━━━ Stored data ━━━

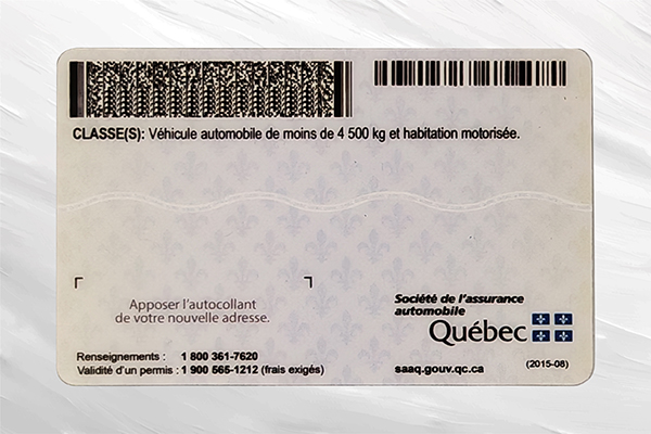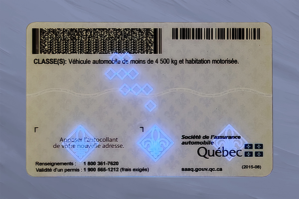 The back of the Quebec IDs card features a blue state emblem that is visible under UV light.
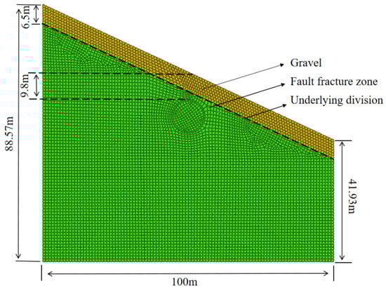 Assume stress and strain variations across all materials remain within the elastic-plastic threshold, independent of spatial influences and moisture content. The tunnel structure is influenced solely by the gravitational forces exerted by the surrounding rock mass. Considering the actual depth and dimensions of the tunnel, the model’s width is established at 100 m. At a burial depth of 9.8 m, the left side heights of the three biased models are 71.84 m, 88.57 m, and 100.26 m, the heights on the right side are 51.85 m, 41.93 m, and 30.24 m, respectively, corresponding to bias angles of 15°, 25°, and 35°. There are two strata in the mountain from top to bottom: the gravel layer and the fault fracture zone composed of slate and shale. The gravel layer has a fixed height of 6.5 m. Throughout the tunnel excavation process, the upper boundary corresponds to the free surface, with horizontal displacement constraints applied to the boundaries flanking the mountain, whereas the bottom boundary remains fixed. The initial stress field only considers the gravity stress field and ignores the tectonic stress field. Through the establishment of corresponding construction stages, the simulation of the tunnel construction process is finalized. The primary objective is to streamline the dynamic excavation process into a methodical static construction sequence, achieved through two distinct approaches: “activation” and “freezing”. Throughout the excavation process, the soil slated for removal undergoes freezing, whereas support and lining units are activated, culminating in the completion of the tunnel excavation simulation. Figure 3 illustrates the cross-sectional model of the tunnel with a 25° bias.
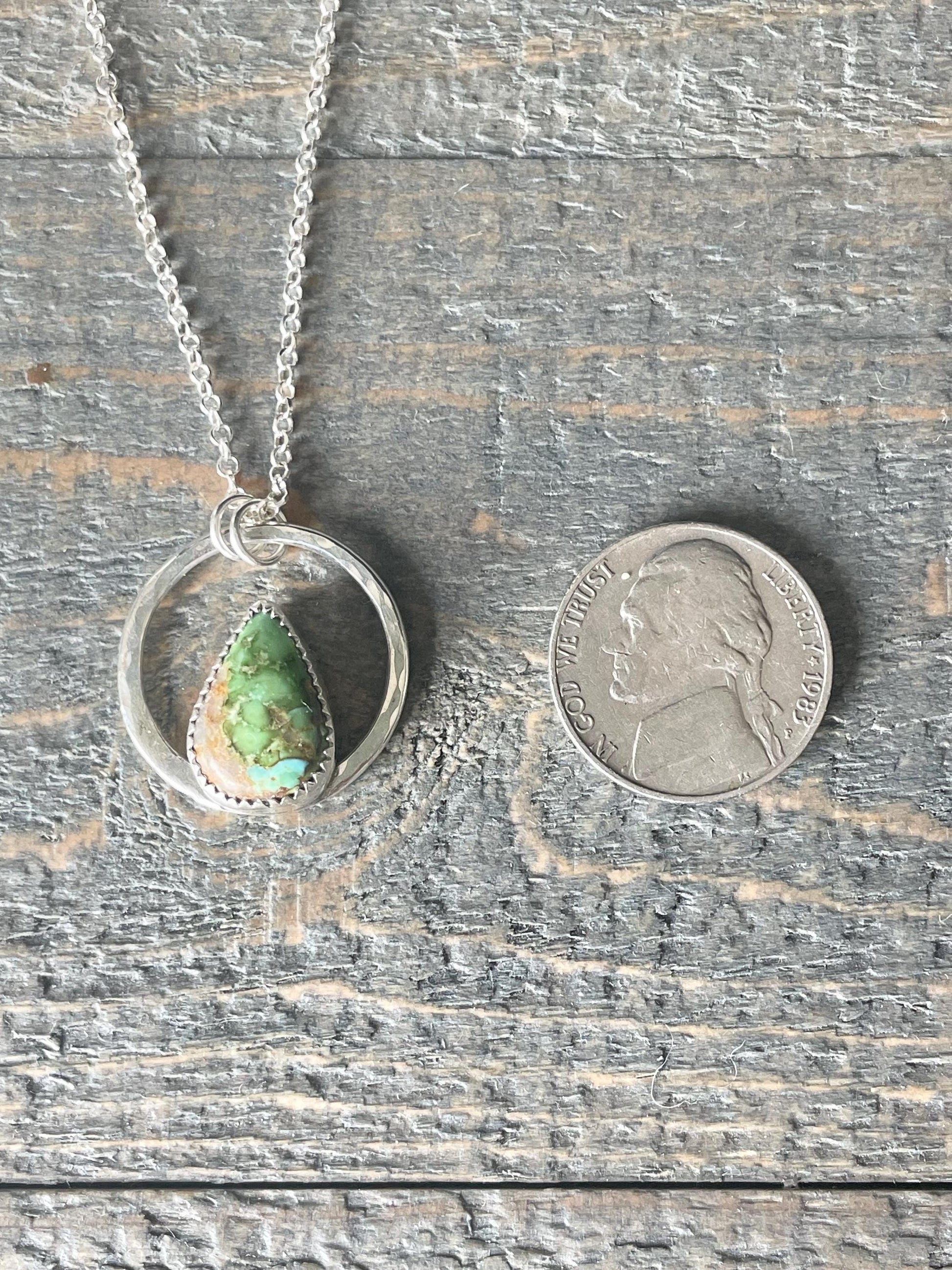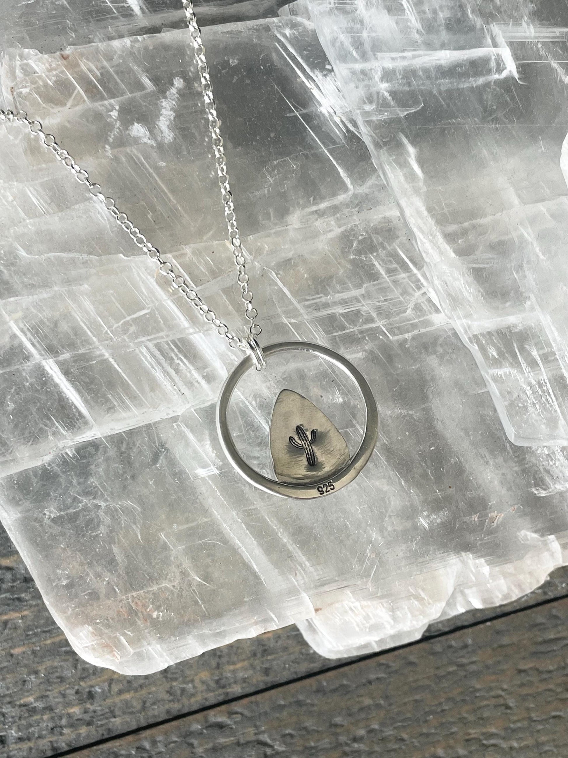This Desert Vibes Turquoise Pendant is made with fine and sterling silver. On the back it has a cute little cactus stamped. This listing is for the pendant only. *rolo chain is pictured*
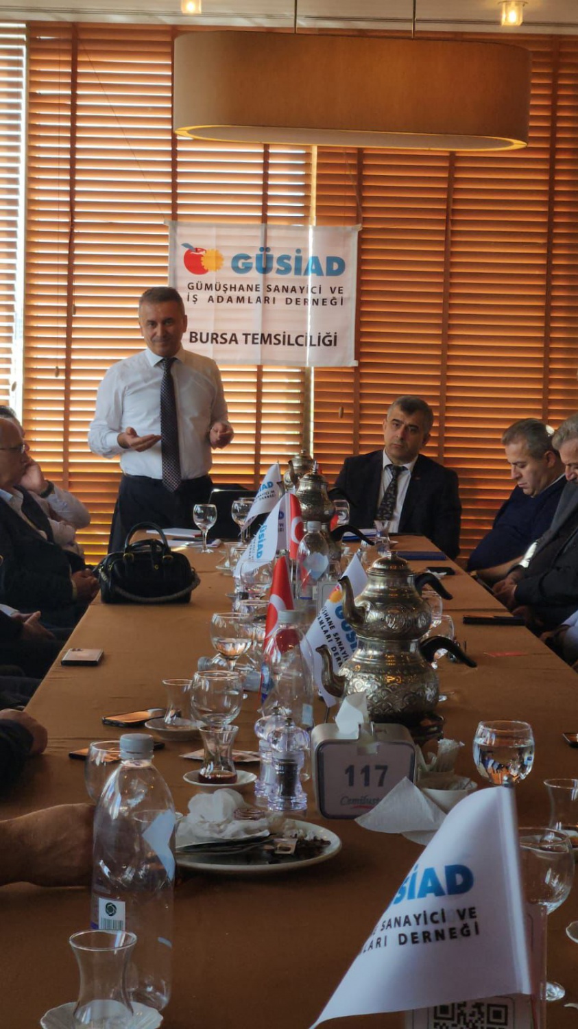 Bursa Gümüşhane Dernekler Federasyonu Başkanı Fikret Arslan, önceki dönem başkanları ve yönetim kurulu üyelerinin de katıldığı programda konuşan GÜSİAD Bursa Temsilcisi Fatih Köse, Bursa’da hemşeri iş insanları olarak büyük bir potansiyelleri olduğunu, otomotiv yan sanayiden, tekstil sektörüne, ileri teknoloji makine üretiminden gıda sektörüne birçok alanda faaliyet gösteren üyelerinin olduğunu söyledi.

━━━

_Task prompt:_
Reproduce the material in full, word for word, and omit the pictures.

_Answer to this problem:_
 The back of the Quebec IDs card features a blue state emblem that is visible under UV light.
 Assume stress and strain variations across all materials remain within the elastic-plastic threshold, independent of spatial influences and moisture content. The tunnel structure is influenced solely by the gravitational forces exerted by the surrounding rock mass. Considering the actual depth and dimensions of the tunnel, the model’s width is established at 100 m. At a burial depth of 9.8 m, the left side heights of the three biased models are 71.84 m, 88.57 m, and 100.26 m, the heights on the right side are 51.85 m, 41.93 m, and 30.24 m, respectively, corresponding to bias angles of 15°, 25°, and 35°. There are two strata in the mountain from top to bottom: the gravel layer and the fault fracture zone composed of slate and shale. The gravel layer has a fixed height of 6.5 m. Throughout the tunnel excavation process, the upper boundary corresponds to the free surface, with horizontal displacement constraints applied to the boundaries flanking the mountain, whereas the bottom boundary remains fixed. The initial stress field only considers the gravity stress field and ignores the tectonic stress field. Through the establishment of corresponding construction stages, the simulation of the tunnel construction process is finalized. The primary objective is to streamline the dynamic excavation process into a methodical static construction sequence, achieved through two distinct approaches: “activation” and “freezing”. Throughout the excavation process, the soil slated for removal undergoes freezing, whereas support and lining units are activated, culminating in the completion of the tunnel excavation simulation. Figure 3 illustrates the cross-sectional model of the tunnel with a 25° bias.
This Desert Vibes Turquoise Pendant is made with fine and sterling silver. On the back it has a cute little cactus stamped. This listing is for the pendant only. *rolo chain is pictured*
 Bursa Gümüşhane Dernekler Federasyonu Başkanı Fikret Arslan, önceki dönem başkanları ve yönetim kurulu üyelerinin de katıldığı programda konuşan GÜSİAD Bursa Temsilcisi Fatih Köse, Bursa’da hemşeri iş insanları olarak büyük bir potansiyelleri olduğunu, otomotiv yan sanayiden, tekstil sektörüne, ileri teknoloji makine üretiminden gıda sektörüne birçok alanda faaliyet gösteren üyelerinin olduğunu söyledi.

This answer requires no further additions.